= Lee Chiong Giam =

Singaporean diplomat and civil servant (died 2021)

Lee Chiong Giam (1941/2 – 10 March 2021) was a Singaporean diplomat and civil servant. Lee was part of the country's first generation of diplomats following independence in 1965. He served as the High Commissioner to Papua New Guinea from 1982 to 1999, High Commissioner to Fiji from 1997 to 2005, High Commissioner to Pakistan from 2006 to 2014, and Ambassador to East Timor from 2005 to 2014. Domestically, Lee was the longest-serving executive director of the People's Association (PA) from 1982 until 1999.

Lee attended Victoria School. He received his bachelor's degree in pharmacy in 1965. He worked at the Ministry of Health beginning in 1967, before being transferred to the Ministry of Foreign Affairs in 1969. Lee was appointed charge d'affaires at the Singaporean embassy in Cambodia from 1970 to 1973 during the Cambodian Civil War. He suffered minor injuries when a bomb exploded near the embassy in Phnom Penh.

He was promoted as Director of the regional and economic offices at Ministry of Foreign Affairs from 1975 to 1982.

In 1990, Lee was part of the delegation sent to the People's Republic of China to establish official diplomatic relations with the PRC.

According to Singaporean diplomat Tommy Koh, Lee was a supporter of East Timor and its development during the years following independence in 2002. Koh told the Straits Times, "He [Lee] admired that they had fought for independence.

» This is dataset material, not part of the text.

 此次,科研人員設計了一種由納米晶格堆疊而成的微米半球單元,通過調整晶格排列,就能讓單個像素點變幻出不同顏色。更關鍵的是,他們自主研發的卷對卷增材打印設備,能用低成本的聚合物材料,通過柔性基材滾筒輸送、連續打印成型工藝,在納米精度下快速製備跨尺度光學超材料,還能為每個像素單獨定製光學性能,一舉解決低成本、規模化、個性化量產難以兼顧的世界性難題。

He felt they were brave people who had been hard done by some acts of injustice - and that Singapore should help them, not impede their progress." Lee served as Singapore's Ambassador from 2005 to 2014. In 2012, East Timorese President Jose Ramos-Horta awarded Lee the Order of Timor-Leste, the country's highest honor.

In 1982, Prime Minister Lee Kuan Yew appointed Lee as executive director of the People's Association (PA), a position he held from 1982 until 1999. He was awarded the gold Pingat Pentadbiran Awam (Public Administration Medal) in 1999 when he stepped down from the position. Lee Chiong Giam also received the Bintang Bakti Masyarakat (Public Service Star) in 2012.

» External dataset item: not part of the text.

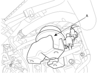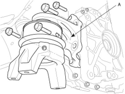 11. After removing the three bolts (A), take the transaxle support bracket off.

Lee stepped down as deputy secretary of the MFA in 2011 and retired from the Ministry of Foreign Affairs (MFA) in 2014, but remained active in civil and international affairs. He later served on the boards of directors for Creative Malay Arts and Culture and the Puan Noor Aishah Intercultural Institute.

==Personal life==
Lee was married to Geok Lan and had three children.

In February 2021, Lee fell and hit his head at a gas station in Singapore. He spent two weeks in a coma, but died from complications of the fall on 10 March 2021, at the age of 79.